New 3-in-1 TAVR guidewire capable of hemodynamic measurements, LV pacing impresses cardiologists
A new transcatheter aortic valve replacement (TAVR) guidewire designed to provide continuous hemodynamic measurements and left ventricular (LV) pacing appears to be safe and effective, according to new research published in JACC: Cardiovascular Interventions.[1] The study’s authors think the device could help improve clinical decision-making after heart valve deployment.
“The number of TAVR procedures is anticipated to rise in the near future, particularly among younger patients with low-risk profiles,” wrote first author Ander Regueiro, MSc, PhD, an interventional cardiologist with Hospital Clinic Barcelona in Spain, and colleagues. “Given this trend, the necessity for continuous technological innovation and procedural refinement is underscored. These efforts are integral to minimizing periprocedural complications linked to TAVR, endorsing a minimalistic approach, and enhancing the clinical outcomes following TAVR.”
Regueiro et al. focused on the SavvyWire guidewire, a sensor-guided device developed by OpSens Medical, a Canadian medical device company. According to OpSens, the SavvyWire is the first interventional device of its kind. It provides assistance with aortic valve delivery and positioning, like any guidewire, but it also includes sensors that enable continuous hemodynamic measurements and rapid LV pacing.
In October, Haemonetics Corp. agreed to acquire OpSens for approximately $253 million.
The SAFE-TAVI clinical trial, funded by OpSens, included data from 119 patients treated with the 3-in-1 device. The mean patient age was 82.3 years old, and 50.4% of patients were men. Approximately 38% of patients were treated with a balloon-expandable TAVR valve.

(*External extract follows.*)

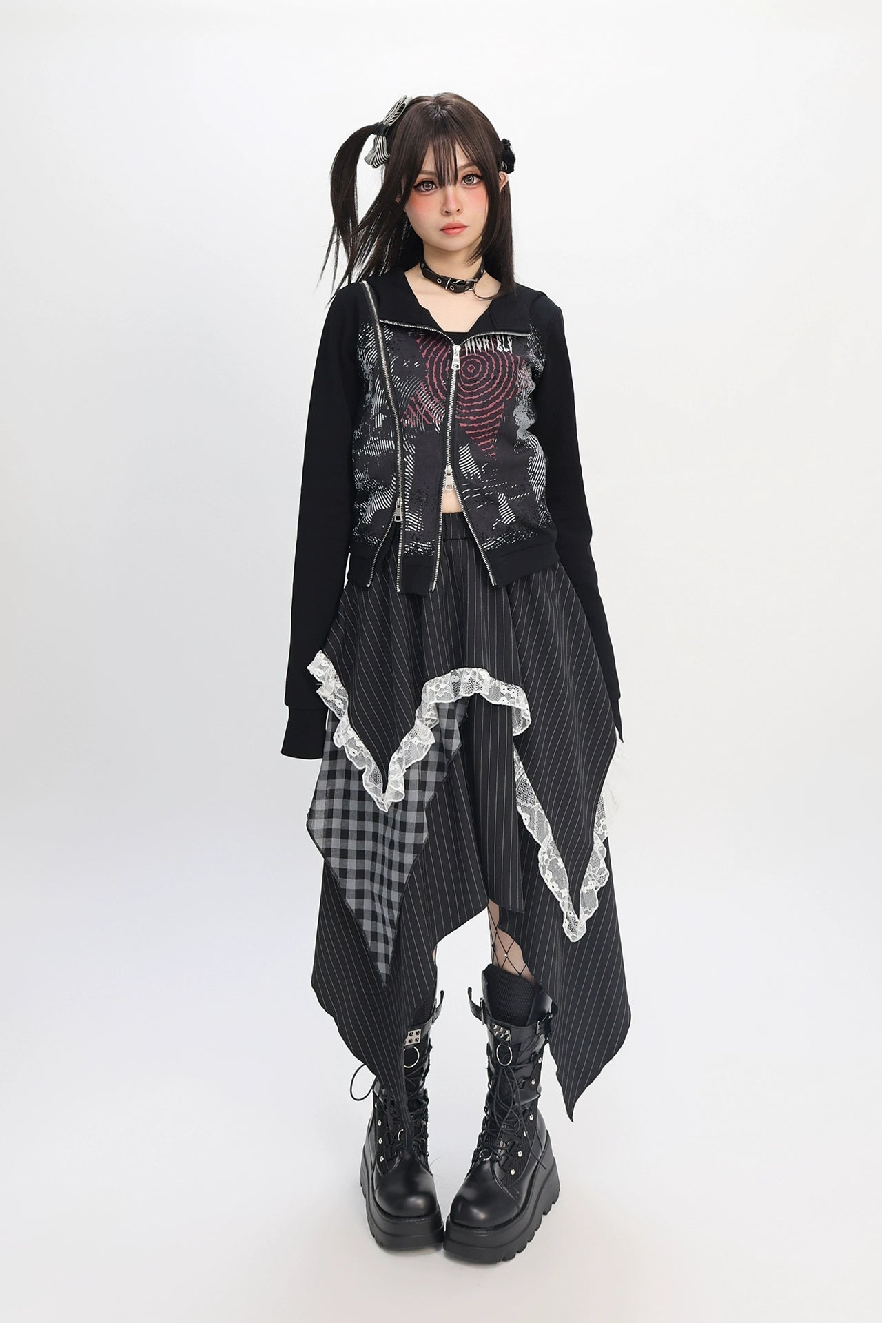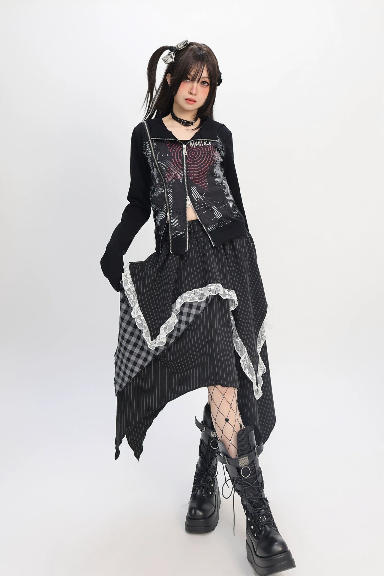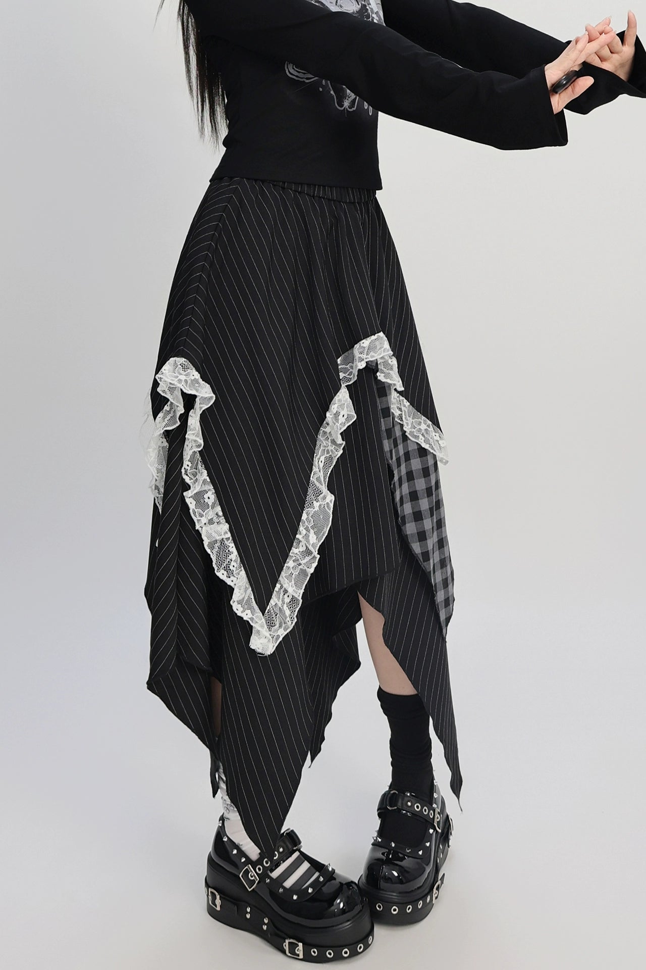 パッチワークアシメストライプチェックレーススカート
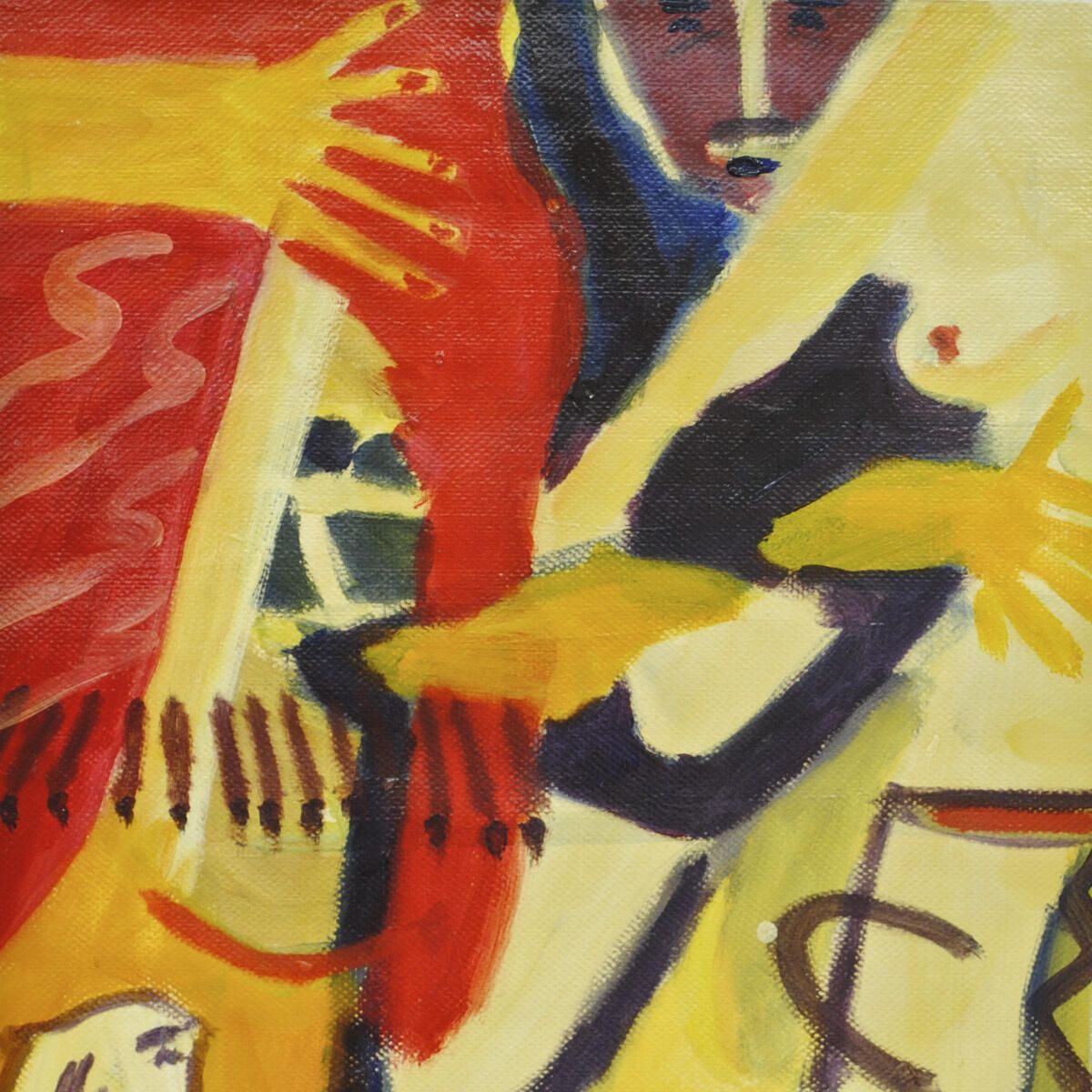 Abstract figures, still life. Columbus Ave. Series. In overall good condition. Human, red, yellow, blue, hands, reaching, hellDimensions

Overall, TAVR procedures performed using the SavvyWire were found to be both safe and effective. The study’s primary efficacy endpoint—drops of systolic pressure below 60 mm Hg—was seen in 98.3% of patients. The secondary efficacy endpoint, hemodynamic assessments without the use of additional catheters, was seen in 99.2% of patients. Meanwhile, the mean systolic arterial pressure achieved during rapid LV pacing was 46.6 mm Hg.
A key safety endpoint, freedom from major guidewire-related complications, was also seen in 99.2% of patients. No deaths, strokes or cases of ventricular perforation were reported.
“This paper provides comprehensive data from the SAFE-TAVI trial, which successfully evaluates the guidewire in TAVR procedures across a broad patient cohort and various valve systems,” the authors wrote. “It reports high success in meeting primary efficacy and safety endpoints, enhancing the evidence for the device’s utility in TAVR.”
The group also noted that future studies should examine the long-term clinical benefits of this technology.